Parfois, la solitude ressemble simplement à une salle de restaurant vide. Roberto Saviano est assis dans un coin, invisible de l’extérieur. C’est ici qu’il a ses habitudes, ici qu’il a le moins de risque de se faire tirer dessus. Les policiers qui le protègent attendent dehors. Le serveur venu prendre la commande lui jette un regard compatissant ; les autres clients de l’établissement déjeunent dans un espace adjacent.

Sous son bonnet noir, on reconnaît à peine l’écrivain de 45 ans qui s’est tant exposé sur les plateaux de télévision, sur sa chaîne YouTube aux 329 000 abonnés, dans les pages des journaux et dans les tribunaux. C’est le but. Mais, bientôt, son visage s’éclaire d’un sourire sincère et le Napolitain tombe le masque. Puis le bonnet.
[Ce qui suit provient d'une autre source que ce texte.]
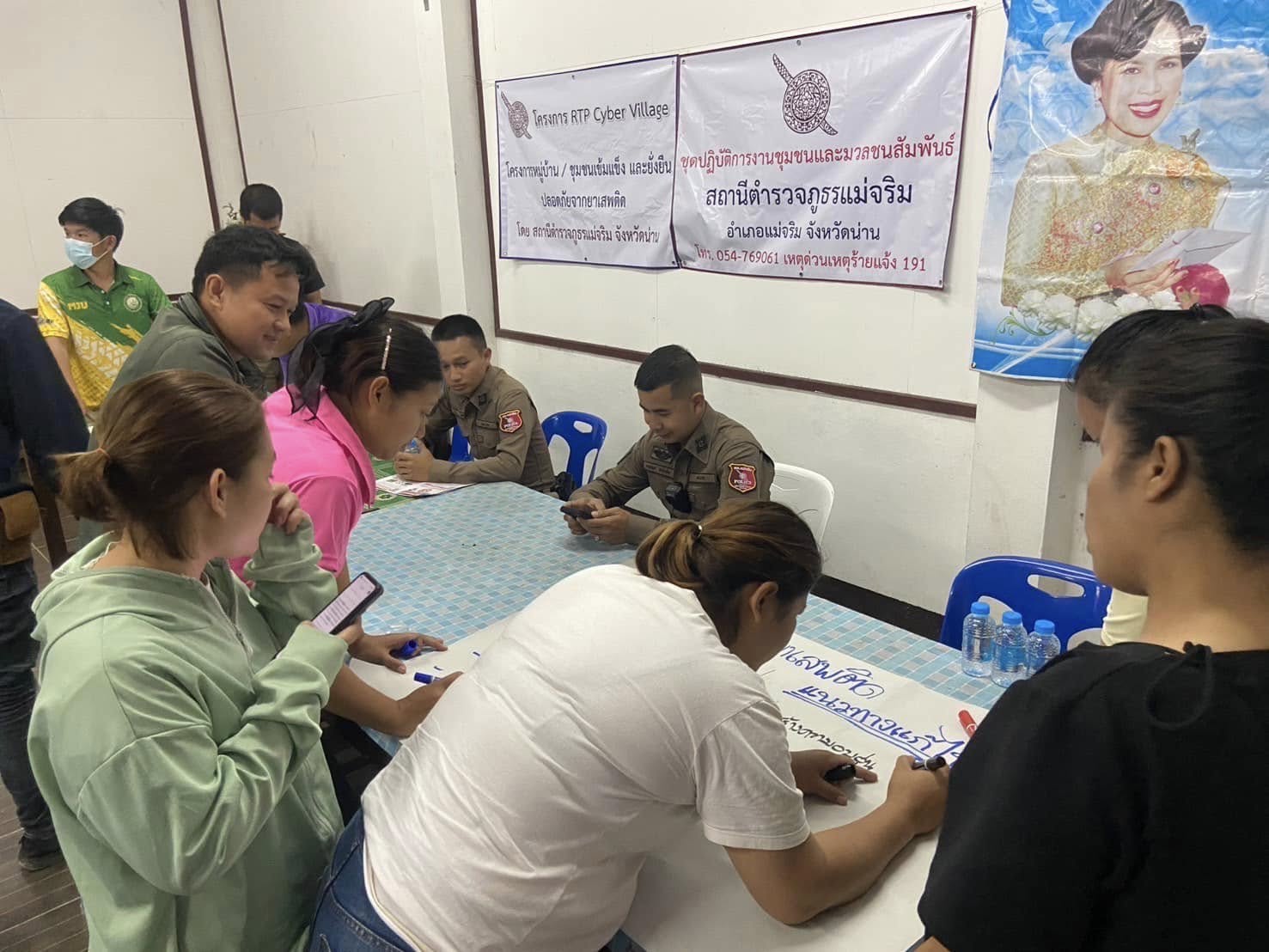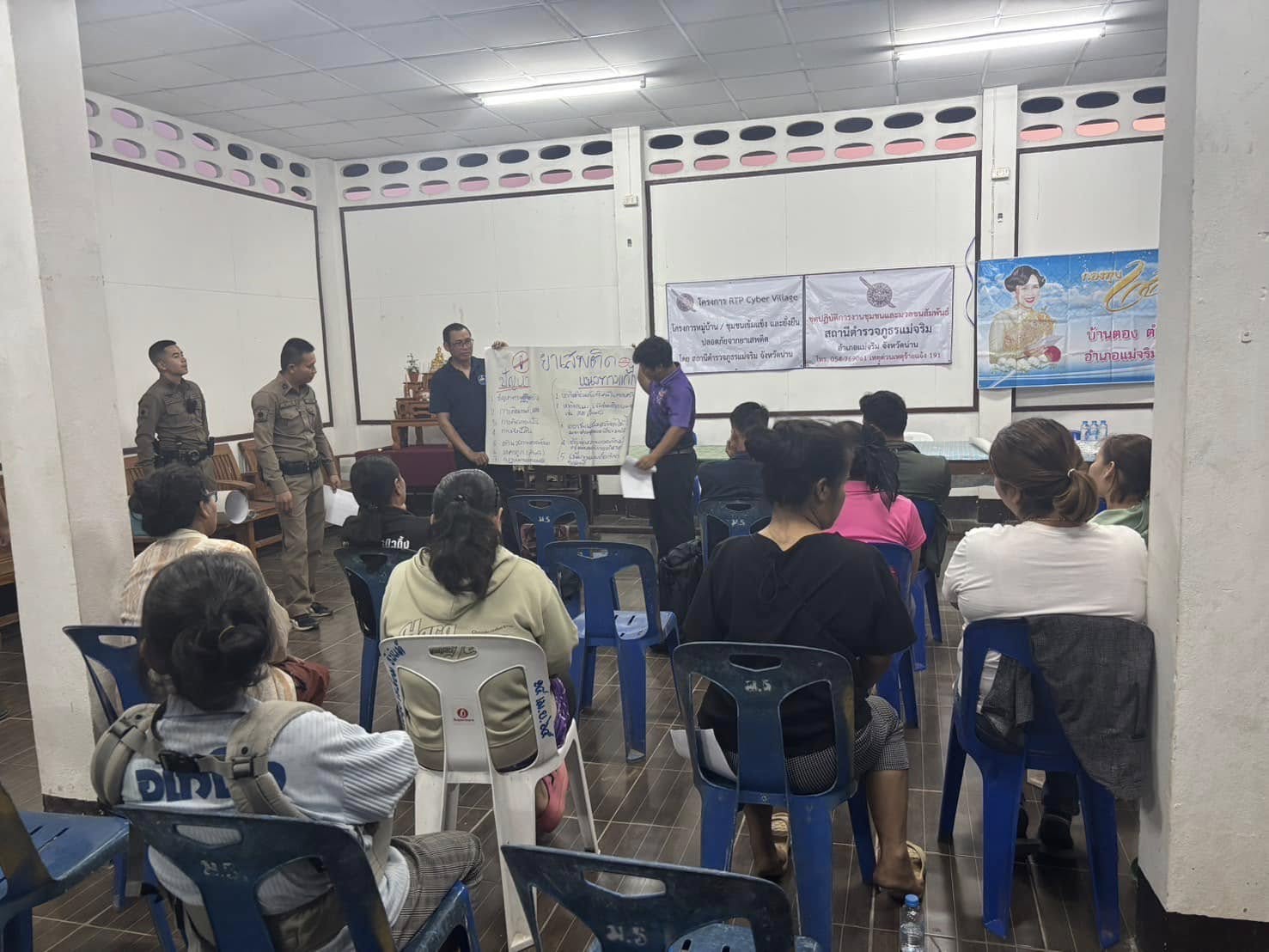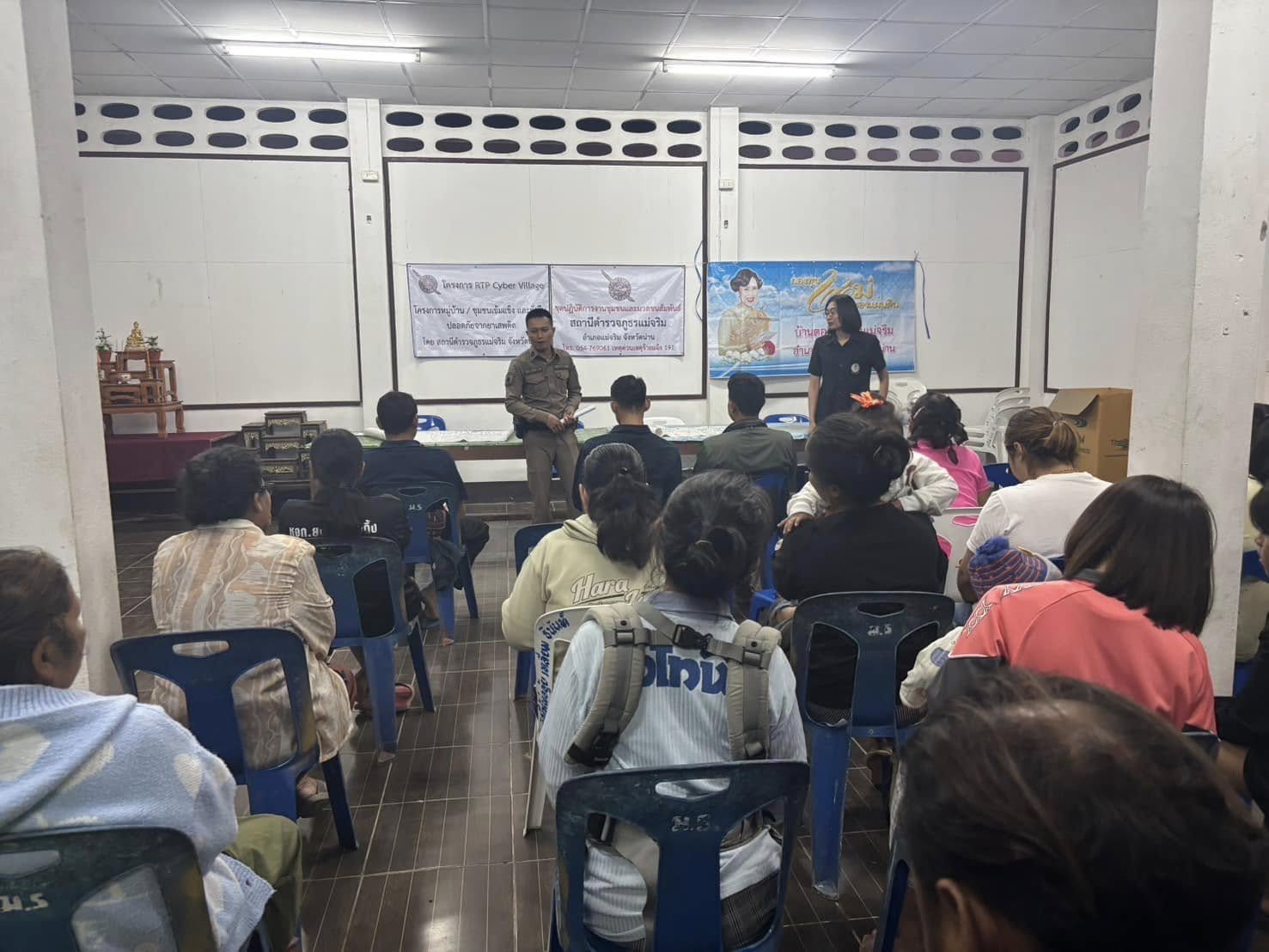 สภ.แม่จริม ภ.จว.น่าน วันนี้ (21 ม.ค.68 เวลา 17.00 น.) โดยการอำนวยการของ พ.ต.อ.วสันติ์หมั่นสลุง ผกก.สภ.แม่จริม, พ.ต.ท. วีฬเวชน์ ร้านชิตวงค์ รองผกก.ป.สภ.แม่จริม, พ.ต.ท.มนตรี ขอดเตชะ สวป.สภ.แม่จริม มอบหมายให้ ร.ต.อ.พงศ์พันธุ์ มีสา รอง สวป.สภ.แม่จริม พร้อมด้วย เจ้าหน้าที่ชุดปฏิบัติการงานชุมชนและมวลชนสัมพันธ์ (ชมส.) ร่วมโครงการดำเนินงานชุมชนสัมพันธ์และการมีส่วนร่วมของประชาชนในการป้องกันอาชญากรรม เพื่อขับเคลื่อนไทยไปด้วยกัน (Stronger Together) และตามโครงการ RTP Cyber Villag ประจำปีงบระมาณ 2568 ในพื้นที่หมู่บ้าน/ชุมชนเป้าหมาย ณ หอประชุมประจำหมู่บ้านตอง ม.5 ต.แม่จริม อ.เเม่จริม จว.น่าน ดำเนินการดังนี้ 1.การประชาสัมพันธ์เกี่ยวการมีส่วนร่วมของประชาชนในการป้องกันอาชญากรรมและการสร้างกลุ่มไลน์หมู่บ้าน 2.ประชาสัมพันธ์การรับแจ้งเหตุฉุกเฉินหมายเลข 191และป้องกันการโทรก่อกวน ฯลฯ 3.ดำเนินการประชาสัมพันธ์การปฏิบัติตามกฎจราจรเพื่อป้องกันและลดอุบัติเหตุทางท้องถนน การสวมหมวกนิรภัย 100% 4.การปฏิบัติตามกฎหมายจราจรโดยเคร่งครัด เมาไม่ขับ ห้ามดื่มสุราในขณะขับรถ 5.ประชาสัมพันธ์เพื่อป้องกันตนเองจาก 18 กลโกงของมิจฉาชีพ ที่ใช้หลอกตกเป็นเหยื่อ บนโลกออนไลน์ ผลการปฏิบัติเป็นไปด้วยความเรียบร้อย โดยได้รับความร่วมมือจากผู้นำชุมชน,คณะกรรมการหมู่บ้านและประชาชนเป็นอย่างดี
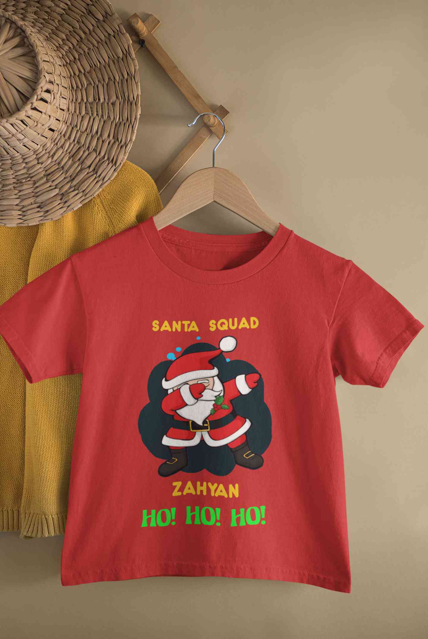 Buy Customized Name Santa Squad Ho Ho Ho Christmas Half Sleeves T-Shirt for Boy-FashionRazor
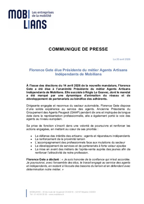 Dirigeante engagée et reconnue du secteur automobile, Florence Gete dispose d’une solide expérience au service des agents. Ancienne Présidente du Groupement des Agents Peugeot (GAAP) pendant dix ans et impliquée de longue date dans la représentation professionnelle, elle a également porté la voix des agents au niveau européen.
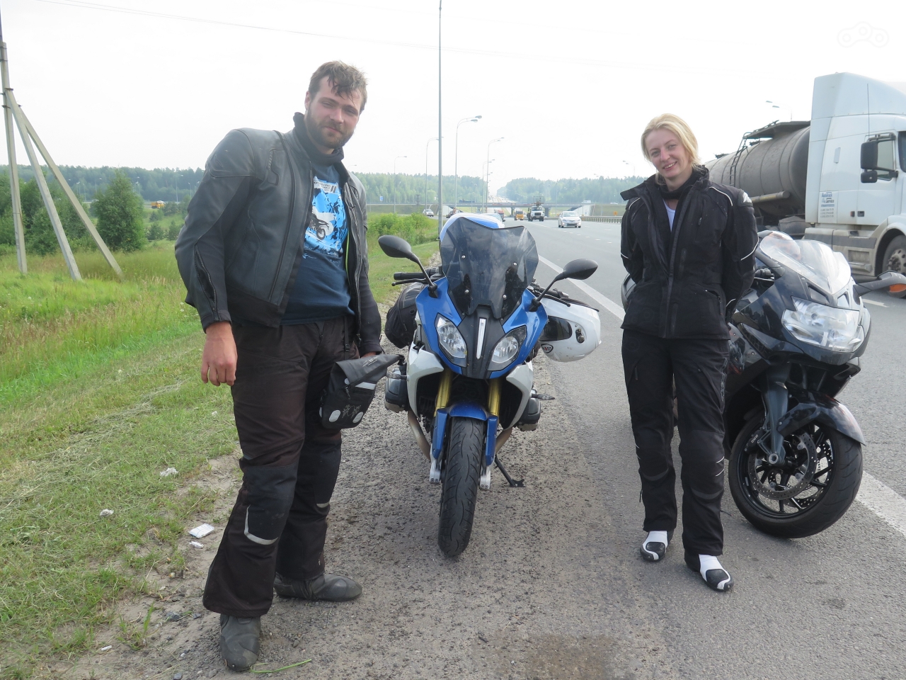Попутчики в пути - всегда здорово. Девушка (прости, забыл как зовут) ехавшая на K1300S в сторону Красноярска, составила компанию нашему экипажу от Москвы до самой Казани.
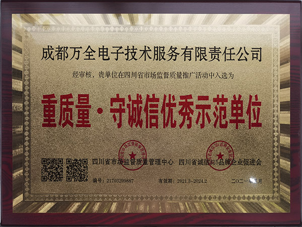 熱烈慶祝成都萬(wàn)全電子榮獲"重質(zhì)量·守誠(chéng)信優(yōu)秀示范單位"稱(chēng)號(hào)
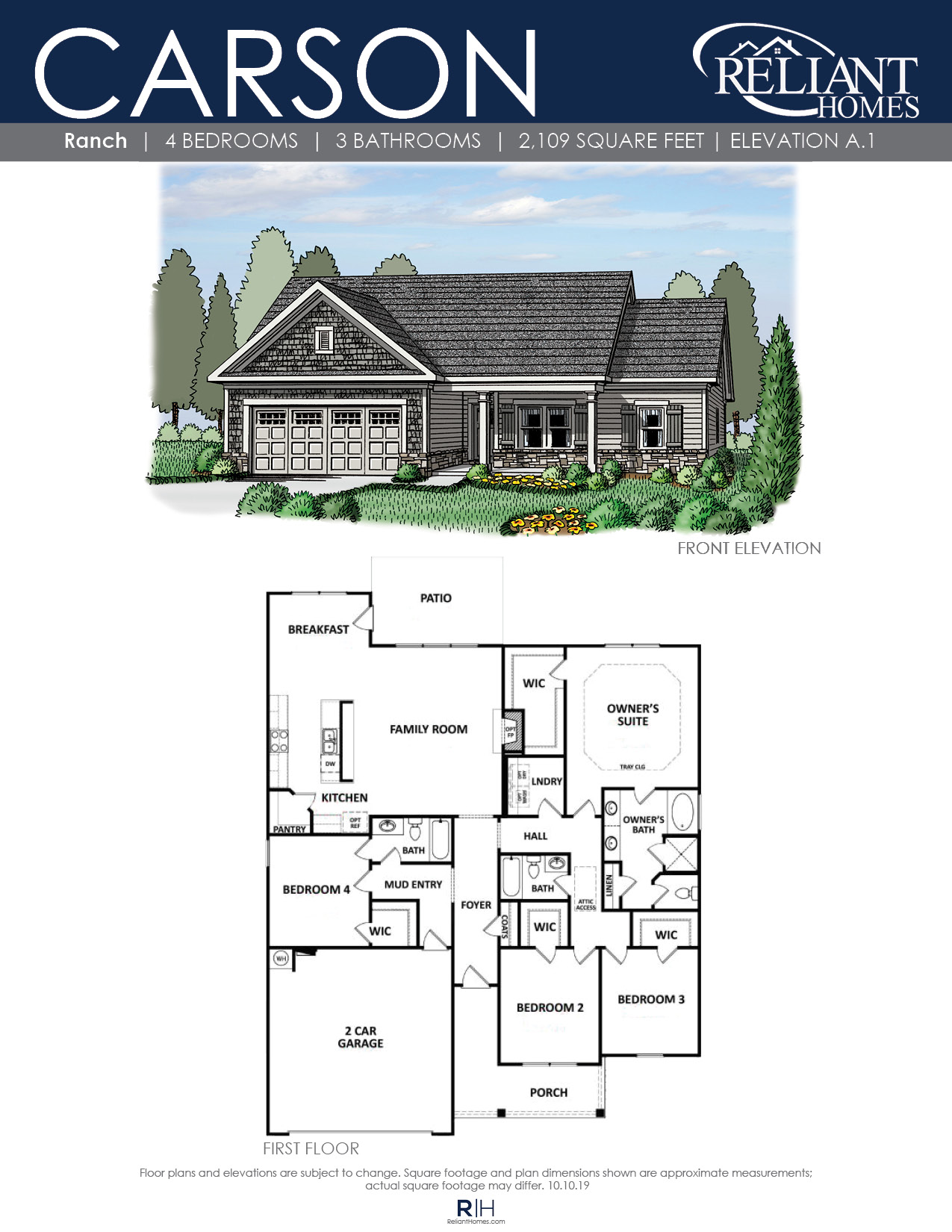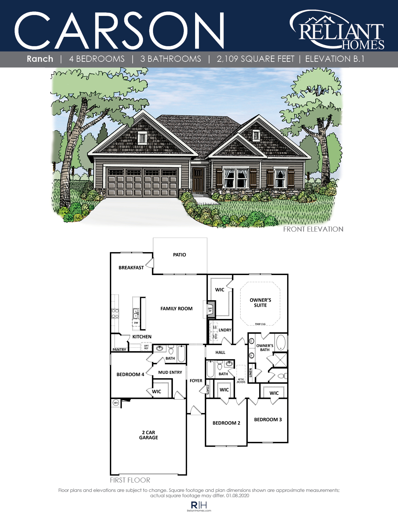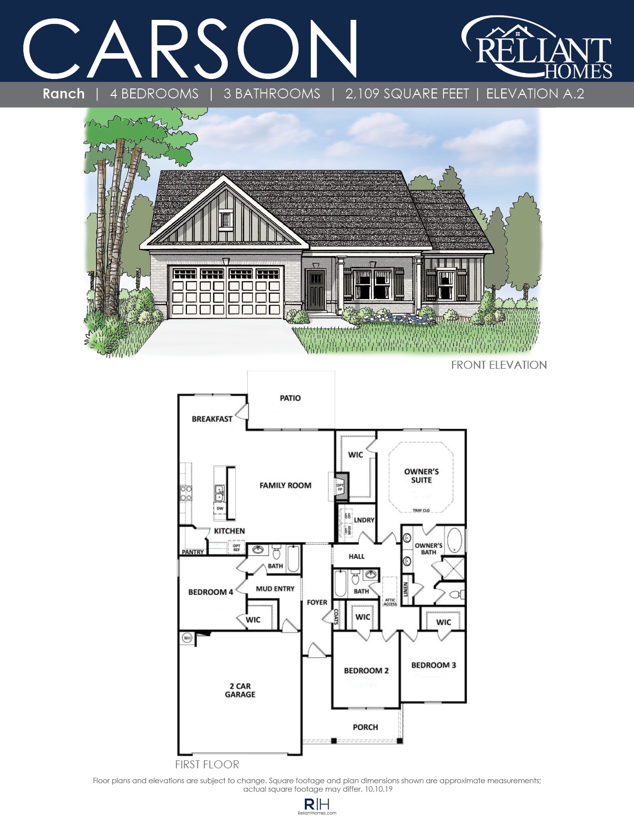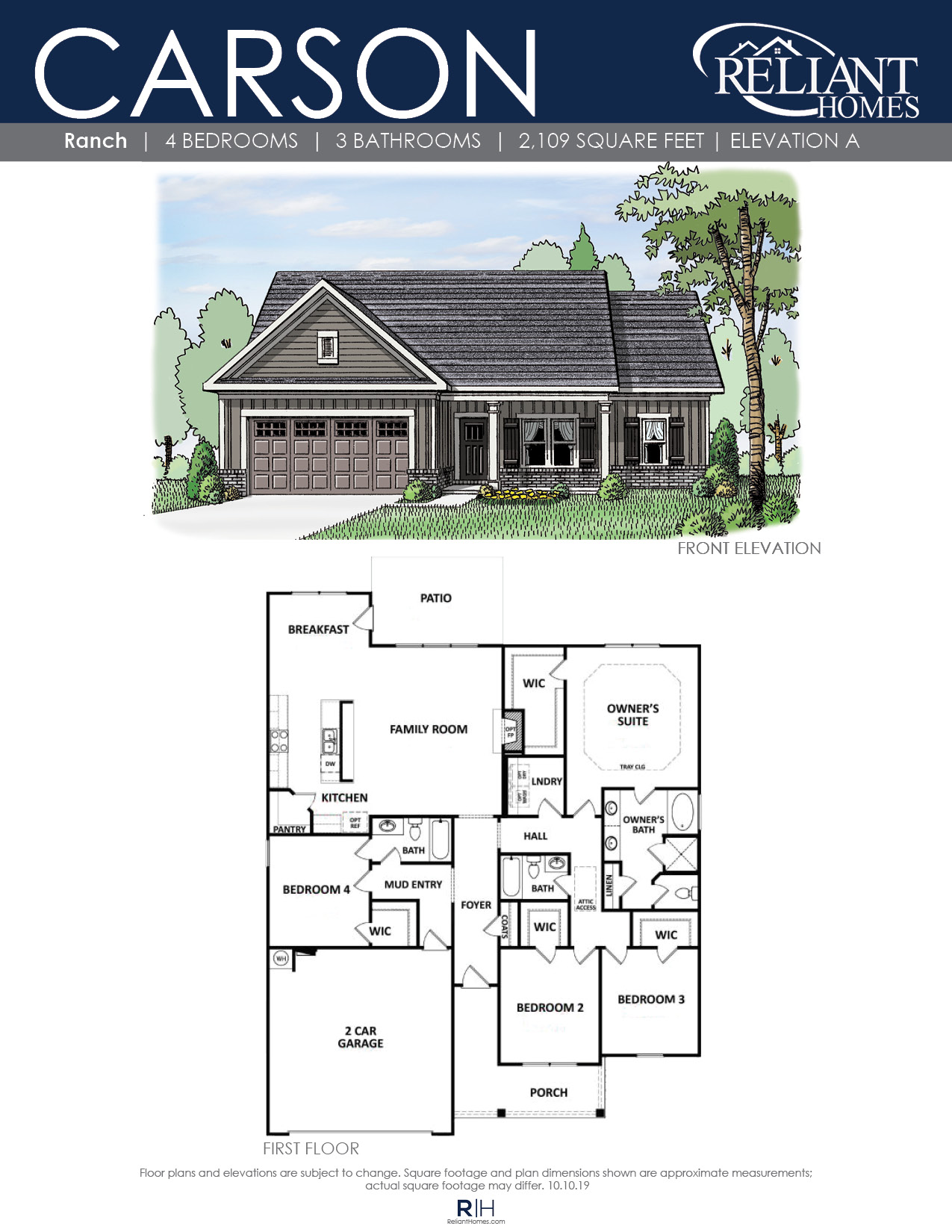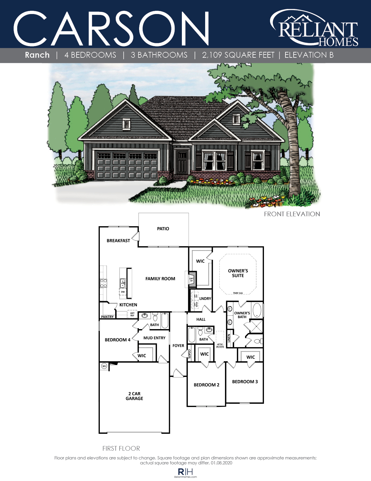 Exceptional ranch home with a 4 bedroom design that features a guest room with full bath plus 2 additional bedrooms and bath on the main level. The Owner’s retreat is privately situated in the rear of the home with a double vanity, separate tub and shower and walk-in closet. The generous family room opens to the kitchen and breakfast with lots of windows, open serving bar, and pantry. This plan offers the option of a family room fireplace and mud bench!

Roberto Saviano est l’un des quelque 600 Italiens vivant sous protection, qu’ils soient menacés par la pègre ou les néofascistes de diverses mouvances. Depuis la publication, en 2006, de Gomorra, sur l’emprise criminelle de la puissante Camorra, la mafia de Naples et de sa région, les camorristes ont juré d’éliminer son auteur ; dix-neuf années que l’écrivain endure une « vie blindée », comme il l’appelle. Mais Roberto Saviano en est persuadé, un jour, tout ça s’arrêtera : « J’ai perdu mes 20 ans, puis mes 30 ans. A un moment donné, forcément, quelque chose changera. Je vivrai pleinement mes 50 ans. »

Rome ménagerait la Libye

Le quartier romain où on le retrouve et qui accueillait jadis des abattoirs, leurs employés et de nombreux bouchers s’est gentrifié. De ce passé disparu restent quelques plats typiques de viande, servis dans de vieux restaurants, comme ces tripes à la sauce tomate que Roberto Saviano a commandées. Mais il s’en veut de manger trop de pain. Il doit faire attention. Il n’a pas si souvent l’occasion de se dégourdir les jambes.